For a short week, this has sure been a long one, and all week I've felt like I've had to catch up (I suppose when work is busy, a four-day workweek means trying to cram five days of work into four). On the plus side, I did finally finish plying my first completed skein of handspun for the Tour de Fleece! Here it is, in the gloom of an overcast day:
This was the last shipment of the most recent round of the FatCatKnits fiber club, and I decided to go very simple this round. I spun up both colorways separately and then plied them together. The yarn is mostly fingering weight (there are a few spots where it tends more toward sport) and nearly 397 yards, with a good amount of plying twist -- even after snapping it vigorously in the finishing, the skein still has an overall slight twist to it and there are corkscrews here and there. I'm not terribly concerned about that extra twist, as I'm planning to use this for socks, but in theory I could have gotten a bit more length with a bit less twist. I'm not complaining, mind you; this skein took me past the 4,000 meter mark for Stash Dash!
While this skein was soaking in the tub upstairs, I decided that, rather than working on a spinning project I've already got going, I'd start another one. (This time of year is pretty much the only time I do that sort of thing, by the way.) I grabbed my most recent Southern Cross Fibre shipment, a yummy Bond/suri alpaca blend, and got to work. Here's what the fiber looks like:
I decided to spin another two-ply fingering weight with this, and to keep the colors a bit interesting, I split the top for a fractal spin. Specifically, I split the entire length of top in half, right down the middle, and then split one of the halves in half again the same way. So one ply will go through the color sequence once and the other ply will go through it twice. Here and there the colors will match up, but overall there will be a lot of barberpoling.

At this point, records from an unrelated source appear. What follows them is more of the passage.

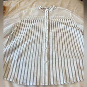 * Striped buttondown w/ sheer swiss dot detailing and wide sleeves
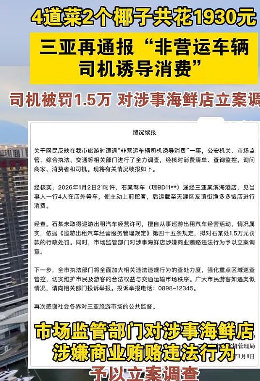 1、湖北日报《三亚再通报“司机诱导消费,4菜花1868元”:司机未取得巡游出租汽车经营许可,罚款1.5万,对涉事海鲜店立案调查》
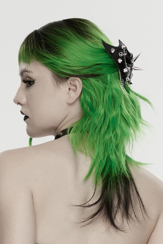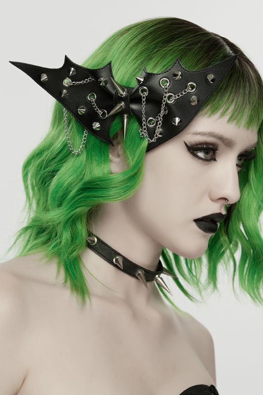 Punk Rave Nightfang Batwing Haarspange - Nieten, Ketten und Dark Attitüde

Over the past several days, I've also pulled out a spindle project when I've had a few minutes here and there. While in past years of the TdF I've taken a spindle to work to spin during my lunch break, I've skipped that this year as I have knitting to get done during that time, but I haven't wanted to ignore the spindles altogether because the projects I've got going on them have been languishing for a long time. This one, for instance, was started last year at MDSW. It's a chocolate alpaca/silk blend that's an absolutely dream to spin, but as it wants to be spun into frog hair, it's been very slow going.
I figure that if I can fit in 10-15 minutes on the spindle every day (or at least most days), I might actually see some real progress!
Tonight there's a chance I might skip spinning in favor of knitting -- I really want to get that shawl done!